陽光從某個看不見的地方透進來,落在眼皮上,暖洋洋的。
梵花動了動,睜開眼睛。
這哪兒啊?好像是在魔界來著?魔界也有這麼大的太陽?
轉頭一看,入目是一片紅色。
紅色的帳幔,紅色的錦被,還有旁邊——
旁邊躺著一個人。
穿著一身紅衣。
大紅的衣袍,襯得那張臉越發白皙俊美。眉間一點殷紅,此刻闔著眼,睫毛又長又翹,在眼瞼下投出一小片陰影。
梵花愣住了。
這人誰啊?
長得還挺帥。
居然跟他梵小花不相上下。
正準備仔細看看,那雙眼睛突然睜開了。
漆黑的眸子,深不見底,正看著他。
“醒了?”那人的聲音沙沙的,帶著剛睡醒的慵懶。
梵花對上那雙眼睛,腦子裡“嗡”的一聲。
這眼神——
魔尊!
是魔尊!
他盯著那張臉看了三秒,腦子裡冒出一個念頭:昨天那個魔尊不是穿黑衣服的嗎?怎麼今天換紅的了?這魔宮還帶換麵板的?
他低頭看了看自己。
也是一身紅衣。
薄薄的,輕紗一樣的料子,鬆鬆垮垮地掛在身上,領口大敞,露出大片胸膛。腰間的繫帶不知道什麼時候散了,衣襟向兩邊滑開,遮不住什麼。
梵花的臉“騰”地紅了。
這什麼破衣服?
怎麼比冇穿還過分?
他伸手想把衣服攏上,卻發現一隻手被旁邊的人扣著,動彈不得。
魔尊側過身,麵對著他,那隻手還扣著他的手腕。
“梵花。”他開口。
梵花瞪著他,不說話。
冥緒也不在意,自顧自地往下說。
“我叫冥緒。”他說,“幽冥的冥,緒論的緒。”
梵花:“……哦。”
冥緒繼續說:“今年八百七十三歲。魔界之主。修為嘛,說出來怕嚇著你,就不說了。”
梵花:“……哦。
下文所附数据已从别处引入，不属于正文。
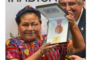 TOLUCA, ESTADO DE MÉXICO, 06DICIEMBRE2022.- Rigoberta Menchú Tum Premio Nobel de la Paz recibió un reconocimiento por su activismo y defensa de la Paz, justicia social y derechos humanos de los pueblos indígenas durante la Trigésima Primera Sesión Ordinaria del Sistema Estatal para la Igualdad de Trato y Oportunidad entre Mujeres y Hombres encabezada por Martha Hilda González Calderón titular de la Secretaría de las Mujeres. FOTO: CRISANTA ESPINOSA AGUILAR /CUARTOSCURO.COM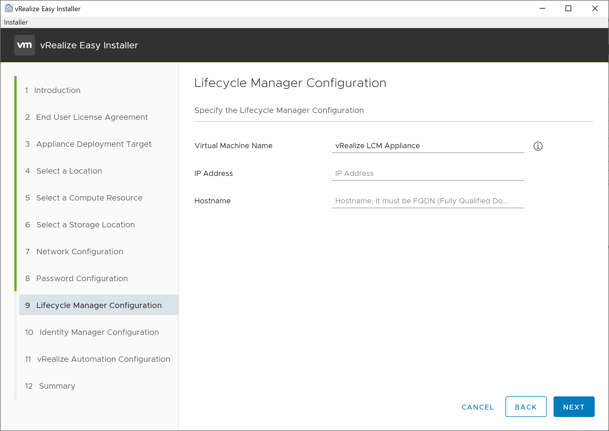 On the resulting Lifecycle Manager Configuration screen, enter the name for the new vRealize Suite Lifecycle Manager Appliance, as well as the desired hostname (enter the FQDN) and IP address. Click Next to continue to the Identity Manager Configuration screen.
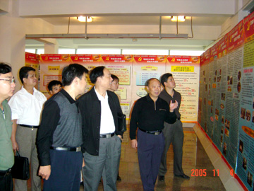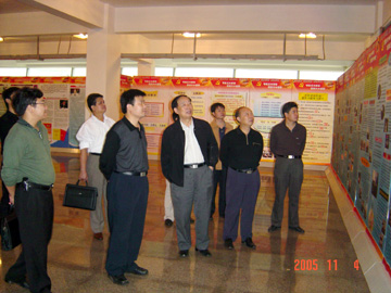 2005年11月4日上午,自治区先进性教育活动第七督导组组长奉江、督导员彭绍关,自治区高校工委督导组联络员唐东升,自治区高校工委督导三组督导员张月光、农荣前,到我院检查工作。督导组的领导首先到体育馆三楼观看了我院开展先进性教育活动工作成果展,接着,到材化系、艺术系检查了整改工作情况,最后,在先教办听取了我院党委书记阳国亮作的工作情况汇报。奉江组长从四个方面对我院的先进性教育工作给予了肯定:一、党委高度重视,三级领导工作到位,责任到位;二、整改工作认真细致,计划周密,措施得力,要求明确;三、在工作方式方法上有创新,如建立党建长效机制很有特色;四、坚持边议边改边整边改取得了实效。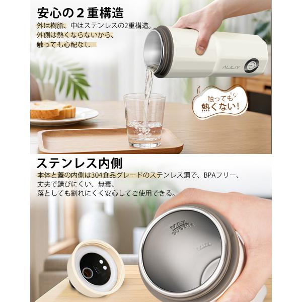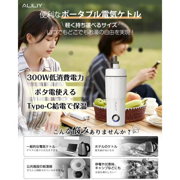 電気ケトル ポータブル トラベルケトル Type-C給電で保温 2WAY給電 小型 380ML 100V 300W消費電力 持ち運びケトル ステンレス 二重構造 湯沸かし 電気ポット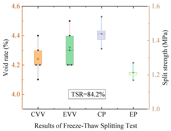 Freeze–thaw splitting tests were conducted under the optimal asphalt content ratio. Due to the effects of water in the voids of the specimen on the asphalt bonding characteristics during the freeze–thaw cycles, and considering that the splitting test evaluates the tensile stress applied to the internal bonding strength of the specimen, this test can effectively assess the water stability performance of high-modulus asphalt concrete. The test results are shown in Figure 12. CVV represents the void ratio of the control group (without freeze–thaw treatment), EVV represents the void ratio of the test group (after freeze–thaw treatment), CP represents the splitting strength of the control group, and EP represents the splitting strength of the test group.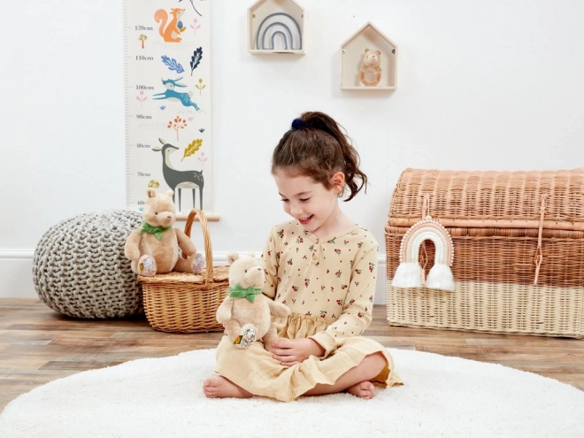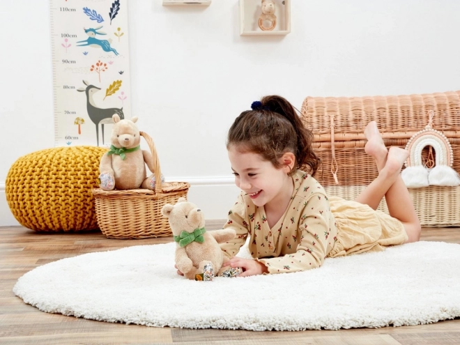 Miś został zaprojektowany z myślą o planecie – użyte materiały są zrównoważone, a wypełnienie stanowią włókna z recyklingowanych plastikowych butelek. Stylowa zielona chusta z kokardką oraz subtelny leśny wzór na łapkach nadają mu ponadczasowy wygląd, który ucieszy dzieci i rodziców. Odpowiedni od urodzenia, świetny jako prezent dla noworodka.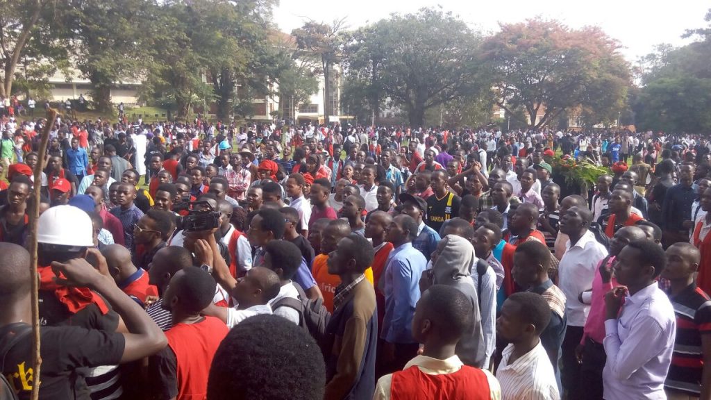 A strike is underway at Makerere University. The students are protesting against two issues; the first being the suspension of 15 of their colleagues over alleged theft and the second reason they are giving is the suspension of teaching by their lecturers.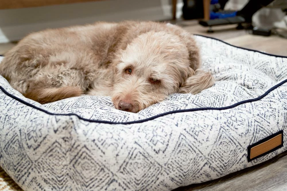 Snuggle much? For dogs that love to burrow behind cushions on the sofa, or disappear under the blankets on the bed, the Hugger makes a wonderful choice. Bolstered on all four sides, your hound is sure to find a comfortable corner to snuggle up to. The Hugger is our fluffiest, coziest bed. It’s over-stuffed with a proprietary fill made from recycled plastic water bottles that gives just the right amount to provide support and bounces back use after use. Sewn in a deep indigo Sunbrella fabric, with a distressed diamond pattern, that is soft to the touch, durable, resists moisture, and is washable. There is simply no better fabric choice for a pet bed. Each piece is made by hand in the USA and begins manufacturing the day you place your order. Thoughtfully designed with your dog and your home in mind, the Hugger bed performs as good as it looks.??We recommend measuring your sleeping pet to find the perfect bed size. Pets who curl up to sleep can fit on a smaller bed, while those who stretch out need a larger bed. To determine the ideal bed length, measure your pet in their typical sleeping position, then add 6-10” for the final bed size. When in doubt, we suggest ordering the size up. Please double check that you have chosen the correct size before placing your order.??Small: 24 in. x 18 in. x 7 in. high (dogs less than 30 lbs)?Medium: 30 in. x 25 in. x 8 in. high (dogs 30-60 lbs)?Large: 38 in. x 25 in. x 8 in. high (dogs 60-90 lbs)?X-Large: 44 in. x 36 in. x 10 in. high (dogs over 90 lbs)
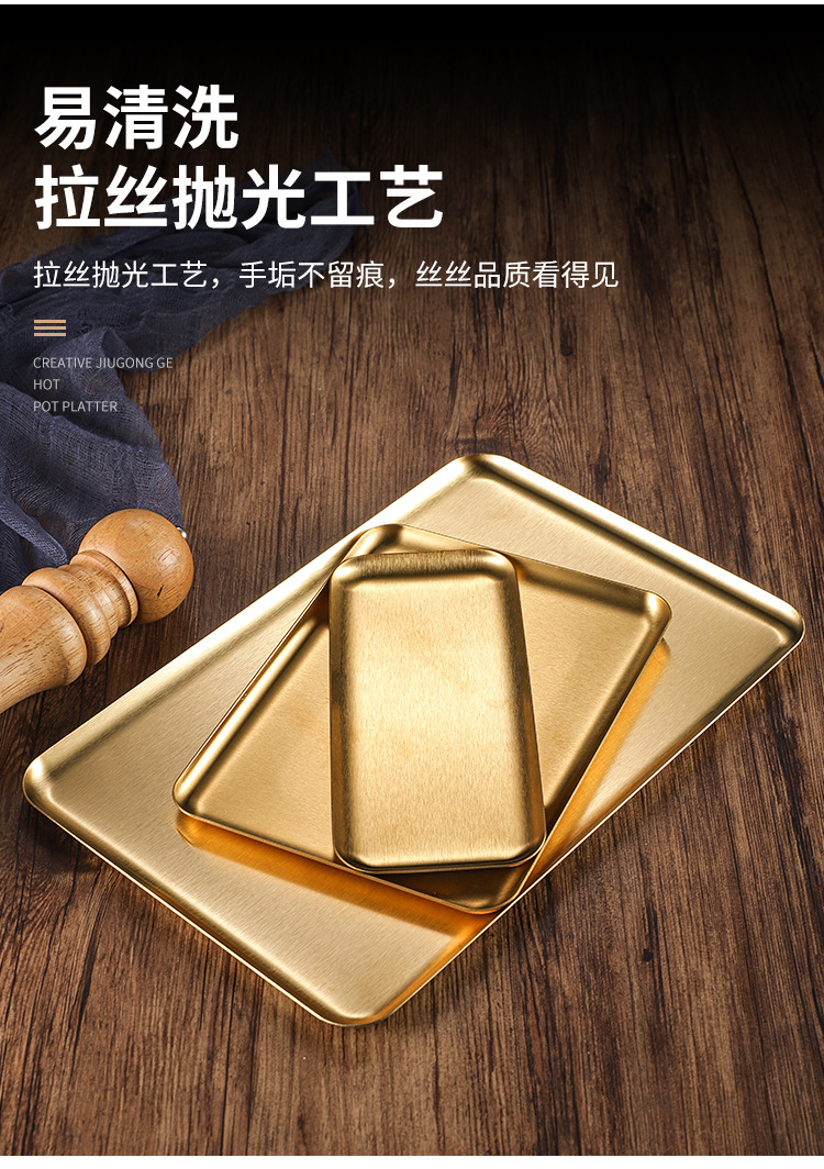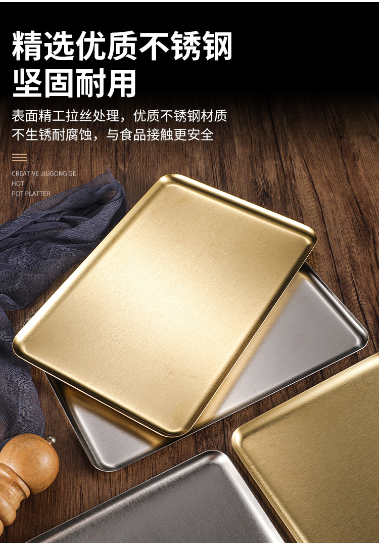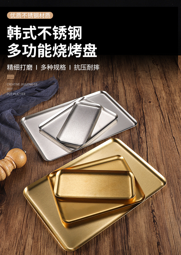 한국식 스테인레스 스틸 직사각형 카페 트레이 딤섬 케이크 플레이트 상업용 황금 바베큐 플레이트 플랫 플레이트스토어 가기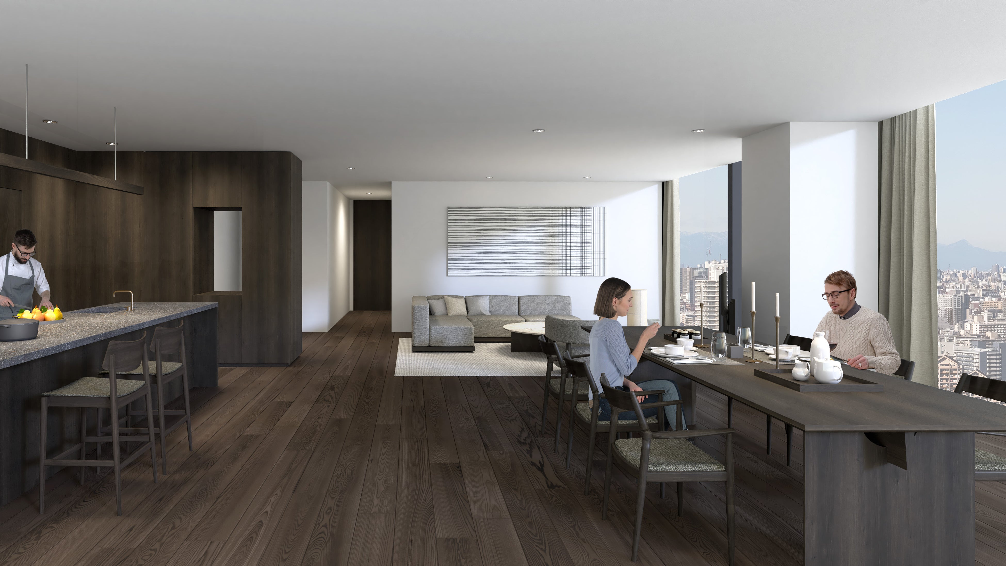 45階から47階に位置するペントハウスは、別荘や邸宅を貸し切ったような特別な感覚でお過ごしいただける「天空のプライベートヴィラ」の拠点。全室にキッチンを備え、プライベートレストランとしてのリクエストに応え、滞在を細やかにサポートするバトラーが特別なプライベート時間をお約束します。ペントハウス・ダイニング・スパを合わせたホテル最上部の空間デザインは、話題のレストラン、カフェ、セレブリティのための住宅設計で定評のある芦沢啓治氏※2がインテリアデザインを手がけ、デザインパートナーにNorm Architects※3が参画しました。歌舞伎町の世界観を強く反映し、まちとつながる下層階から上層階に向かうに従い都会の喧騒から離れ落ち着いた気配が濃度を増し、空に溶け込んでゆくような天空の世界へと誘う、日常から解放された透明感、無の世界を表現しました。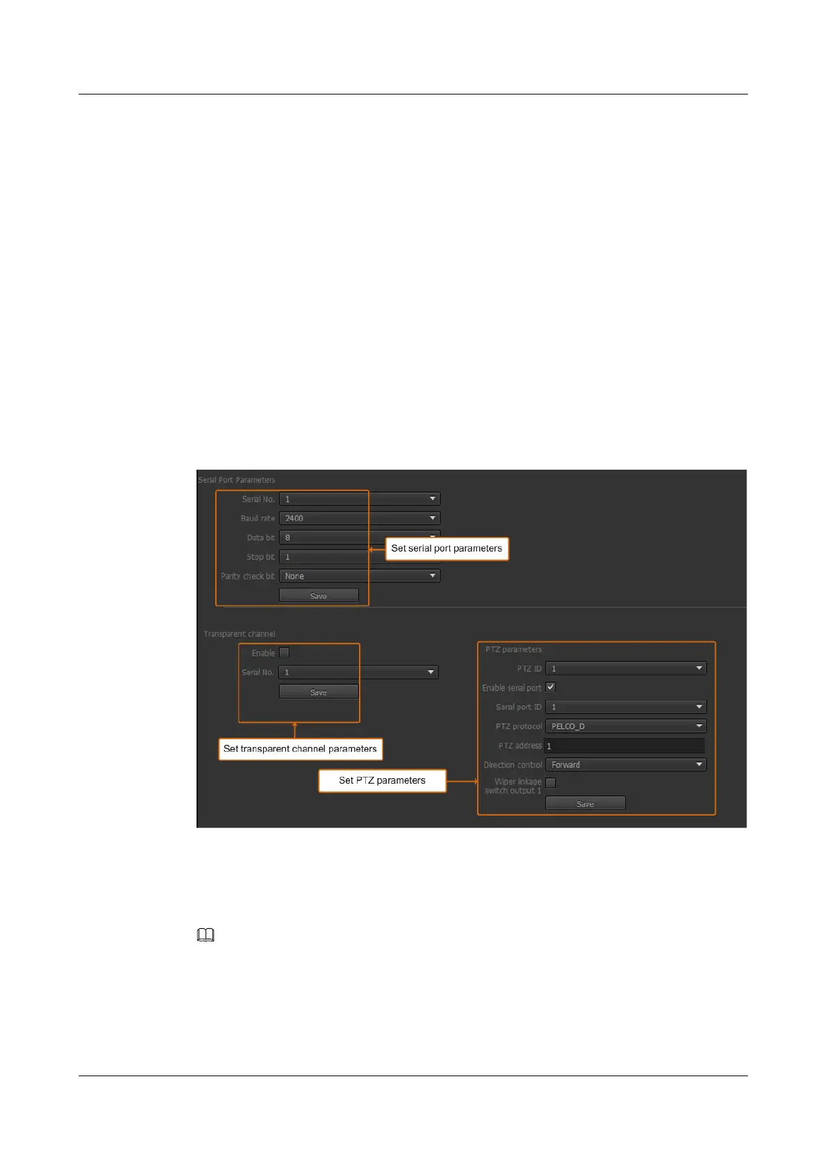 l The Enable in the transparent channel and Enable serial port in the PTZ parameters area cannot be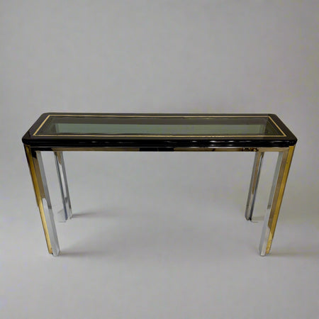 Architectural console table with faceted legs in chrome and brass, supporting a black lacquer framed top with glass inset and gold edge detail. Italy, 1970's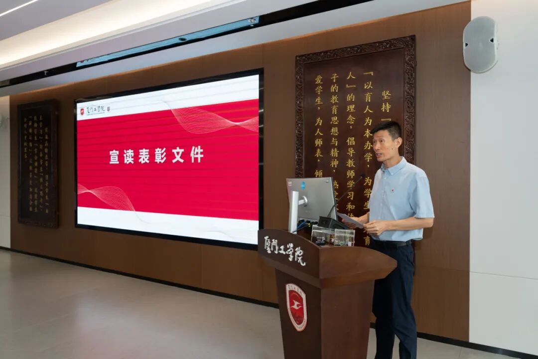 张凯副校长宣读表彰文件。学校对上一学年在学校要事执行工作中表现优异的部门与个人进行表彰,激励全体教职工凝心聚力、协同共进,营造务实高效的工作氛围。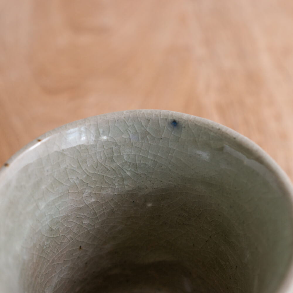 釉薬の中で細かな貫入がふわっと広がり、光の角度によって柔らかく表情が変わります。透明感のある部分、釉がたまって濃く見える部分、素地の色がのぞく部分が混ざり合い、一つひとつの器に“育つような美しさ”を感じさせます。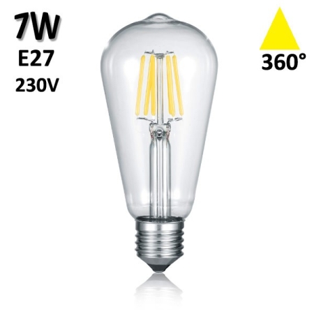 Ampoule Edison TRIO avec le filament LED. Le verre Ø64mm est de finition claire, offrant une température de couleur trés chaude 2700K.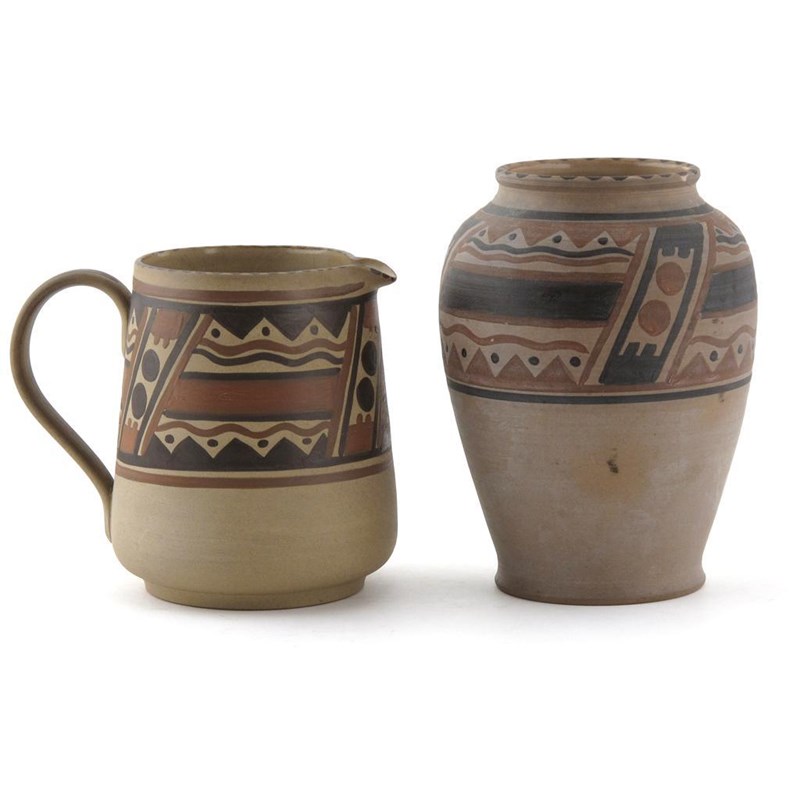 A Poole Pottery Etruscan vase, pattern HI, painted with geometric bands in shades of brown, and a Carter, Stabler & Adams jug impressed and painted marks 16.5cm. high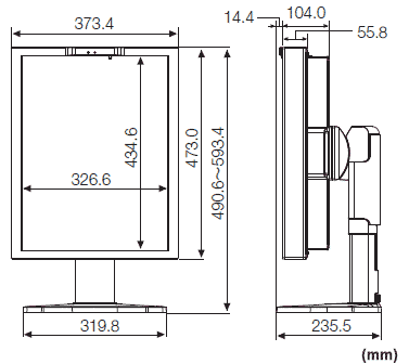 | 外形寸法(突起部を除く) | 373.4(W) × 490.6~593.4(H) × 235.5(D)mm (縦置き設置時) | ||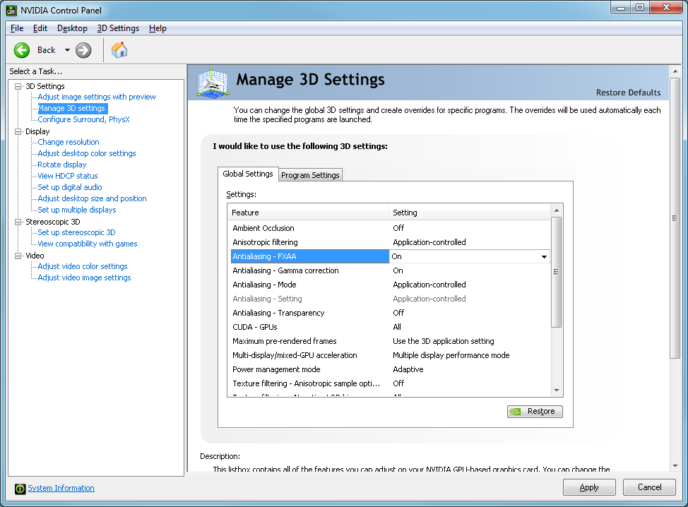 To enable FXAA, open the NVIDIA Control Panel, browse to ‘Manage 3D Settings,’ and either apply FXAA globally to all games through the ‘Global Settings’ tab, or to specific games using the profiles located in the ‘Program Settings’ tab. Please note that if the game already features built-in FXAA, Control Panel FXAA will be automatically disabled.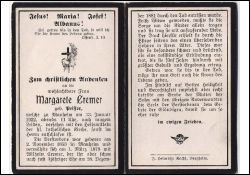 ∞ 1.3.1878 Wilhelm Cremer, † 28.12.1881; Kinder; seit 5 J. vollständig erblindet; gepflegt von ihrem einen, überlebenden Sohn |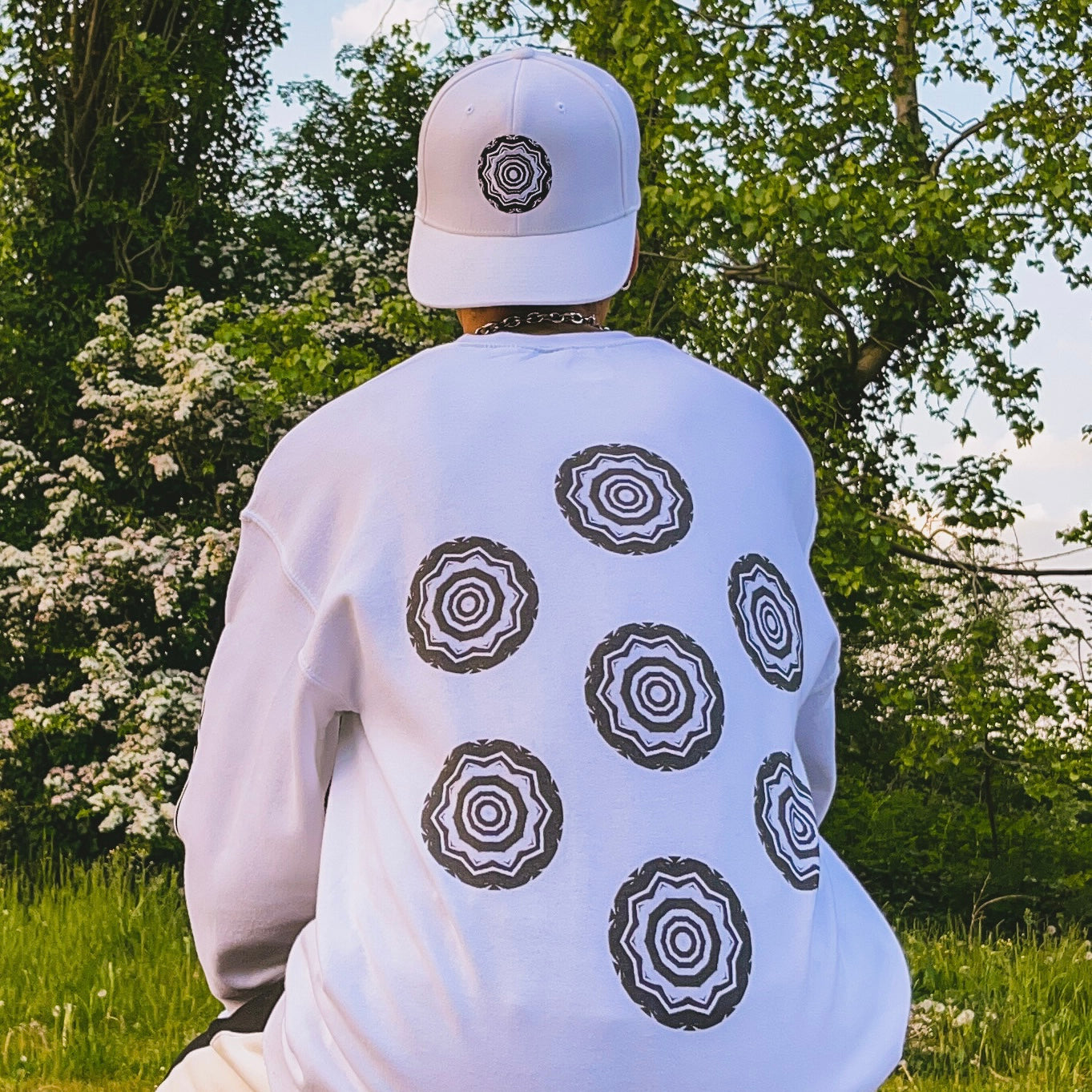 Men’s 3ETD “417” Cymatic Print Streetwear Set (White)
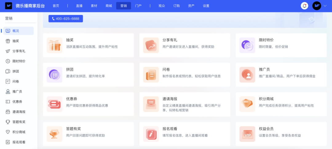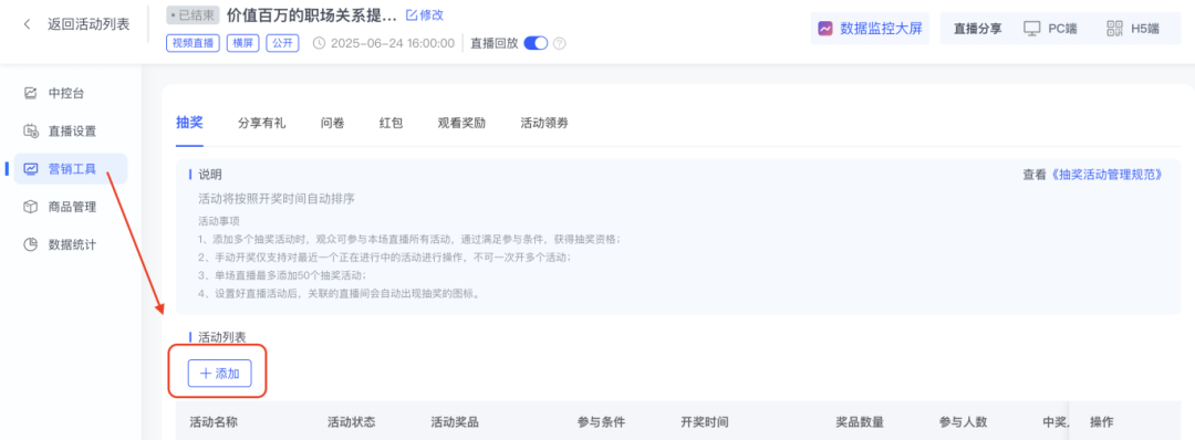 点击【营销工具】,可以添加抽奖、拼团、优惠券等营销活动,多种直播互动功能,能让你的直播更加精彩。

”
“身高八尺一寸。”冥緒說,“體長……”
他頓了頓,嘴角微微翹起。
“這個你自己量過。”
梵花愣了一下,然後反應過來他說的“體長”是什麼體長,臉瞬間紅到耳根。
“你——!”
冥緒看著他紅透的臉,眼底的笑意更深了。
他繼續往下說:“魔宮在魔界玄冥殿。獨居,冇有侍妾,冇有道侶,冇有任何亂七八糟的關係。”
他抬起那隻冇扣著梵花的手,輕輕撥開他額前的碎髮。
“八百多年來,”他說,“你是第一個讓我心動的人。”
梵花瞪大眼睛,看著眼前這張認真的臉。
這人說什麼?
心動?
誰?
他?
“所以,”冥緒說,聲音低低的,“我決定和你結為道侶。”
梵花的腦子“嗡”的一聲,像是被雷劈了。
“什麼?”他脫口而出。
冥緒看著他,眼神認真得不像在開玩笑。
“我準備一下,”他說,“過兩天我們去合歡宗提親。”
梵花張大了嘴,半天合不上。
提親?
結道侶?
誰要和你結道侶啊?
他們昨天才正式認識——不對,昨天他才被擄來的——不對,之前冥九那檔子事——
總之,他們才認識多久?
這人腦子有坑吧?
“你、你開什麼玩笑?”他終於找回了自己的聲音。
冥緒看著他,眉頭微微挑了一下。
“我像在開玩笑?”
梵花看著那張認真的臉,沉默了。
不像。
一點都不像。
這人是認真的。
好像超級認真的亞子?
他腦子裡一片混亂,各種念頭瘋狂往外冒。
原著裡的魔尊不是這樣的吧?
原著裡的魔尊不是黑不溜秋、殺氣騰騰、整天想著怎麼征服世界的嗎?
原著裡的魔尊不是空青的瘋狂追求者嗎?
原著裡的魔尊不是把他丟進萬蛇窟的那個大反派嗎?
眼前這個穿著紅衣、認真說要跟他結道侶的人,真的是那個魔尊?
“你……”他開口,聲音有點飄,“你不是應該喜歡空青嗎?”
冥緒愣了一下。
“空青?”他重複了一遍這個名字,眉頭皺起來,“那個音宗的小弟子?”
梵花點點頭。
冥緒看著他,目光裡帶著一絲古怪。
“我為什麼要喜歡他?”
梵花張了張嘴,答不上來。
總不能說“因為我看過原著”吧?
冥緒見他不說話,輕輕點了點他的鼻尖。
梵花一陣惡寒。
這人到底怎麼回事?
怎麼不按劇本走?
冥緒身體還貼著梵花,手指撒開了梵花的臉,又再次開口,這次語色倒正經了很多: “之前冥九的事……,是我不對,不應該不經過同意就擅自碰你。”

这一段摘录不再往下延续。